Многие немцы понимали, что основанием для запрета на объединение Германии и Австрии, как и основанием многих других пунктов Версальского договора, союзники сделали статью 231, которая обязывала Германию принять на себя «единоличную вину» за развязывание войны в 1914 г. Другие статьи, такие же оскорбительные для немцев, требовали суда над кайзером за военные преступления. Немецкие войска действительно совершали много жестоких действий во время вторжения в Бельгию и северную Францию в 1914 г. Однако несколько дел, рассматривавшихся в Лейпциге в немецком суде, практически одинаково завершились ничем, поскольку немецкий суд не признавал законности большинства обвинений.
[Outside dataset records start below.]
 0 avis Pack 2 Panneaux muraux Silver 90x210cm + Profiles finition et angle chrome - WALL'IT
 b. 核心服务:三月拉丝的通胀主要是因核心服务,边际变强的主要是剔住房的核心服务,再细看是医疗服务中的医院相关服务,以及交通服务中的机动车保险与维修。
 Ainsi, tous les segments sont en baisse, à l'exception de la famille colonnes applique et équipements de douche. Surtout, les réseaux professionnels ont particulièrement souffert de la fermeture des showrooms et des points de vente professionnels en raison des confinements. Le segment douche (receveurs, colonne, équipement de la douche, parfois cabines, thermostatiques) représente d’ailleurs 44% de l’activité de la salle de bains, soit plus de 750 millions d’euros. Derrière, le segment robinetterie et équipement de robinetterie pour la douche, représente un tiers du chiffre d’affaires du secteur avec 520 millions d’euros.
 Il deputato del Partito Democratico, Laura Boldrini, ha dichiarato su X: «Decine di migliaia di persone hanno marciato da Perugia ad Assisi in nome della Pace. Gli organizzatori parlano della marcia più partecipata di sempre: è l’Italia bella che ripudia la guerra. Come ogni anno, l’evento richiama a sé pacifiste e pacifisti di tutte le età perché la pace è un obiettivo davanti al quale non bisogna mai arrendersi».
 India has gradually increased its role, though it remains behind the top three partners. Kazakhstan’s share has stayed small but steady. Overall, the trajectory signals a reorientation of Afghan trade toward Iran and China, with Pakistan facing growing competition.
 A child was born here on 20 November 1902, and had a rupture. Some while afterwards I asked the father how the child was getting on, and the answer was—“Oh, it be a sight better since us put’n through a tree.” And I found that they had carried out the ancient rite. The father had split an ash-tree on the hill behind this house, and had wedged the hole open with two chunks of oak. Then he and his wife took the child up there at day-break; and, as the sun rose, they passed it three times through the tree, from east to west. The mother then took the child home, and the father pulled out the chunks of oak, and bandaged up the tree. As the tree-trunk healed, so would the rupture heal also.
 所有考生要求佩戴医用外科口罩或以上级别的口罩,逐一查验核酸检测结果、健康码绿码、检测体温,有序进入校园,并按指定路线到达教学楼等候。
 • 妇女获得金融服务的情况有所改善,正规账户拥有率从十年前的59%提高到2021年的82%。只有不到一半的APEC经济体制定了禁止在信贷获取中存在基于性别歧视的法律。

Из 900 обвиняемых военных преступников, изначально отобранных для проведения суда, только семеро были признаны виновными, тогда как десять были оправданы, а для остальных процесс полностью так и не состоялся. В Германии укоренилось представление, что вся концепция военных преступлений и даже само понятие законов войны были сомнительным изобретением победителей, основанным на лживой пропаганде о воображаемых жестокостях. Все это во многом определило поведение немецких войск во время Второй мировой войны[166].
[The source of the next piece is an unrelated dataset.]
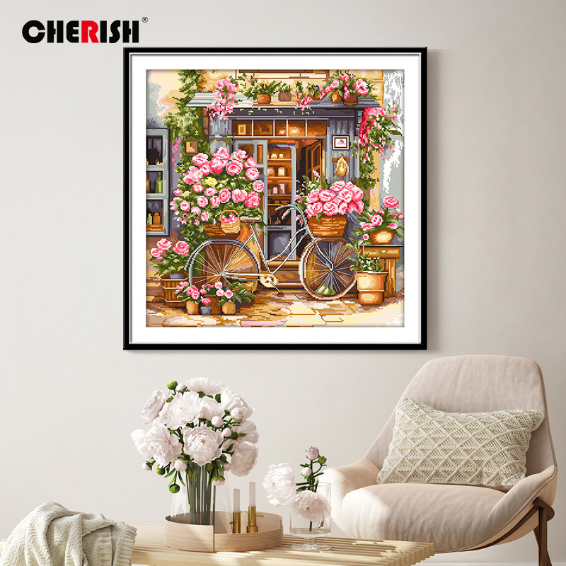 十字刺繍ロマンチックな部屋2025年の新しい花卉掛け画客間レストラン寝室の手作り刺繍を大切にしている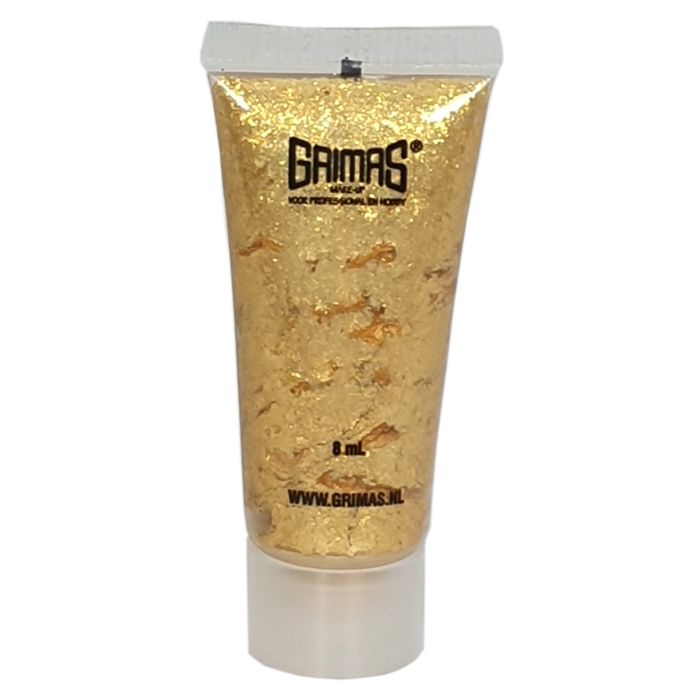 Shimmergel Grimas kleur 702 8ml.Plasticvrije Glitters kleur Goud nr. 702 Mag in de buurt bij de ogen worden gebruikt. De Shimmergel is geschikt voor kinderen. De transparante gel droogt op, en de platte vlokken blijven plakken. Kan ook over schmink heen worden aangebracht, dit zorgt voor een prachig effect tijdens de Carnaval. Of wat denk je voor die extra finishing touch bij een Princessen feestje. Door meerdere lagen aan te brengen krijg je een schubben effect.De gel kan worden verwijdert door met lauwwarm water de gel los te wrijven, indien nodig gebruik je zeep/shampoo. Er zijn 3 kleuren verkrijgbaar.

Подлинной целью статьи 231 тем не менее было обеспечение легитимности установленных союзниками финансовых репараций для Германии. Они должны были компенсировать, в первую очередь французам и бельгийцам, ущерб, причиненный за четыре с четвертью года немецкой оккупации. Франция и Бельгия получили торговые суда общим водоизмещением более 2 млн тонн, 5000 железнодорожных двигателей и 136 000 вагонов, 2,4 млн тонн угля и многое другое. Финансовые выплаты должны были производиться золотом в течение многих лет[167]. А на случай, если бы это не помешало Германии финансировать восстановление своей военной мощи, договор также устанавливал максимальную численность армии — 100 000 человек — и запрещал использование танков и тяжелой артиллерии. Шесть миллионов немецких винтовок, более 15 000 самолетов, свыше 130 000 пулеметов и огромное число другого военного снаряжения должно было быть уничтожено. Немецкие военные суда были демонтированы, Германии было запрещено строить новые большие суда и иметь какие-либо военно-воздушные силы. Таковы были условия мирного договора, поставленные перед немцами западными союзниками в 1918–19 гг.[168]

II

Большинство немцев встретило все это со скептической тревогой[169]. Чувство негодования и неверия, которое обрушилось на высшие и средние классы немецкого общества как взрывная волна, было практически всеобщим и оказало сильное влияние на многих сторонников умеренных социал-демократов из рабочего класса. Большинство немцев чувствовали, что международная мощь и престиж Германии после объединения в 1871 г. постоянно повышались, а теперь внезапно страна оказалась выброшенной из списка великих держав и покрыта незаслуженным позором. Версальские соглашения были осуждены как навязанный мир, продиктованный в одностороннем порядке без возможности переговоров. Энтузиазм относительно проведения войны, демонстрировавшийся огромным большинством немцев среднего класса в 1914 г., обернулся жгучим негодованием, вызванным условиями мира четыре года спустя.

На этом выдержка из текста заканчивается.